Stroh ‘deciphers the plots’ of systems stories to explain to the reader how systems work. He looks at the various ways that failure occurs. He then provides a ‘four-stage change process’ using creative tension, as described by Peter Senge in ‘The Fifth Discipline’. The energy for change comes from making explicit the difference between what people want (aspirations and goals) and what they are (the current reality).

The four stages are explained in detail by Stroh as a process where stakeholders:

  1. Build a foundation for change and affirm their readiness for change.
  2. Clarify current reality at all levels of the iceberg and accept their respective responsibilities for creating it.
  3. Make an explicit choice in favour of the aspiration they espouse.
  4. Begin to bridge the gap by focussing on high-leverage interventions, engaging additional stakeholders, and learning from experience.

Stroh provides an explanation of each stage.

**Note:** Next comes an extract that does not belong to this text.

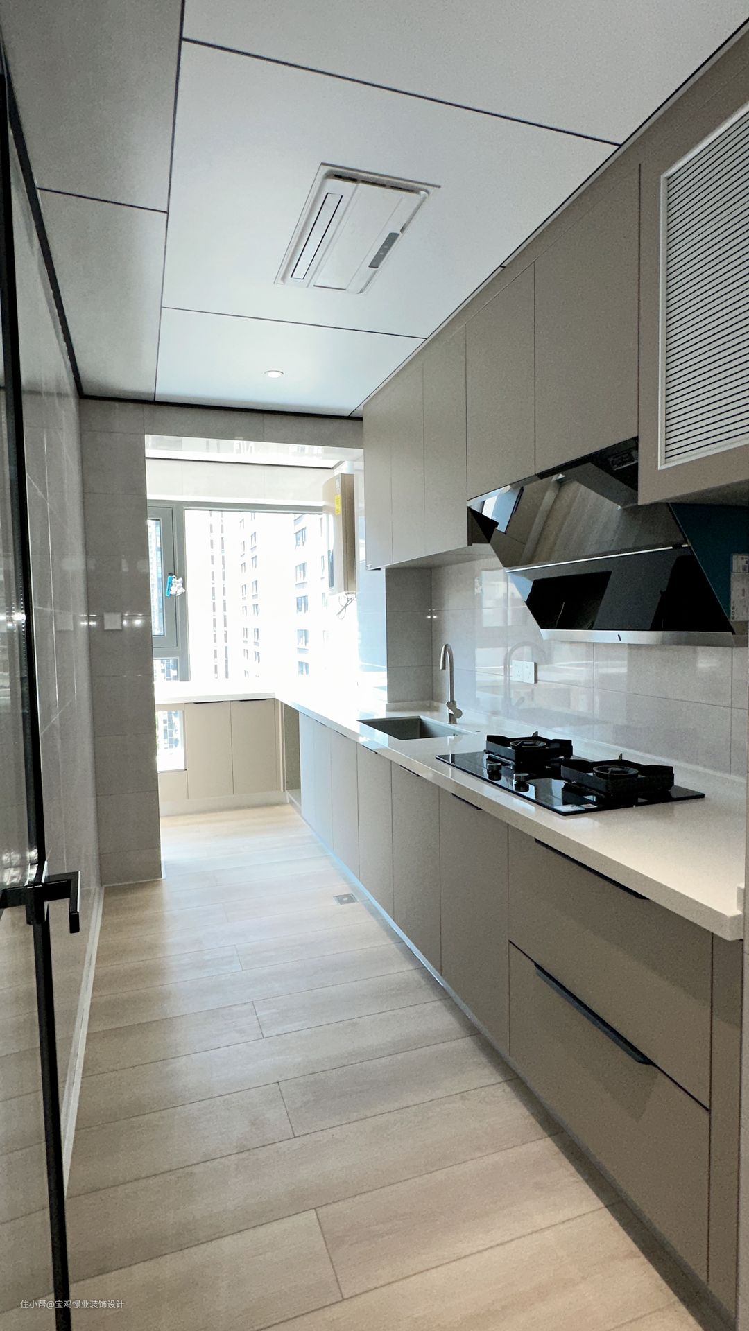 这个厨房虽然空间不大,同色系橱柜整个空间首先是非常大气且实用。厨房常规的橱柜布置但更节省空间。木地板与墙面的瓷砖搭配,橱柜的门板在色系上保持统一,让整个空间的氛围感保持统一、协调。厨房更加通透明亮,更加宽敞。
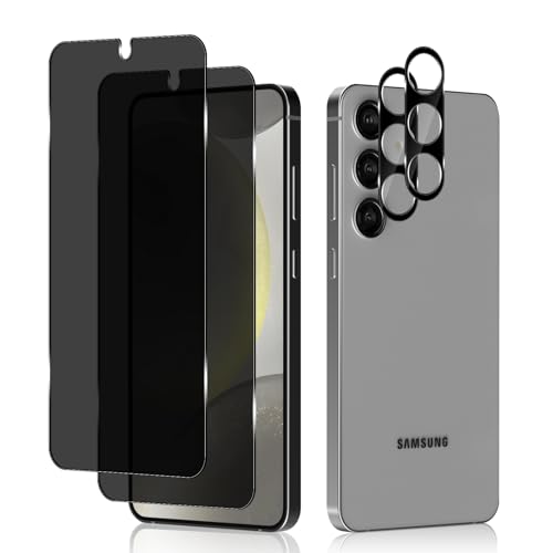 Privacy Beschermfolie + camerabescherming, compatibel met Samsung Galaxy S24 5G, pantserbescherming, glas, anti-spy folie, 2 + 2 stuks, 9H hardheid, anti-sprookfolie, inkijkwerende folie voor

The advice is detailed and filled with useful examples and case studies. At times it reads like a recipe book, with tasks identified and discussed in the order on deployment. Lots of tools are described.

I was particularly interested in the section on ‘high-leverage interventions’. I like to think of these as the system thinkers’ equivalent of ‘low hanging fruit’. Whilst not so easy to reach, they are worth the effort. Stroh lists four key leverage points:

  1. Increase awareness of how the system currently functions.
  2. ‘Rewire’ critical cause-effect relationships.
  3. Shift mental models.
  4. Reinforce the chosen purpose by aligning goals, metrics, incentives, authority structures, and funding to support it.

Each is explained in detail. A part that I related to described three ‘rewiring options’ that I could see overcoming the local government focus on the here and now, short term success, and that fruit that is easy to reach. Stroh says that organisations should:

  • Reduce dependence on the quick fix.
  • Increase investment in the fundamental solution by creating a vision of an alternative future that compels this investment over the long term.
  • Where it is necessary to continue to use the quick fix while also working on the fundamental solution, design the fix in such a way that it builds towards this solution instead of undermining it.

If you have read this far and you are starting to realise that you are not naturally a systems thinker, Stroh finishes his book with a chapter on ‘becoming a systems thinker’. It is not too late.

‘Since we are a part of the system we seek to understand and influence, we need to cultivate a certain way of being and also learn new ways of doing things’

This book provides a practical approach to using systems thinking to solve the intractable problems that are present at every council.

Read it and have a go.

Stroh, David Peter, 2015. ‘Systems Thinking for Social Change’.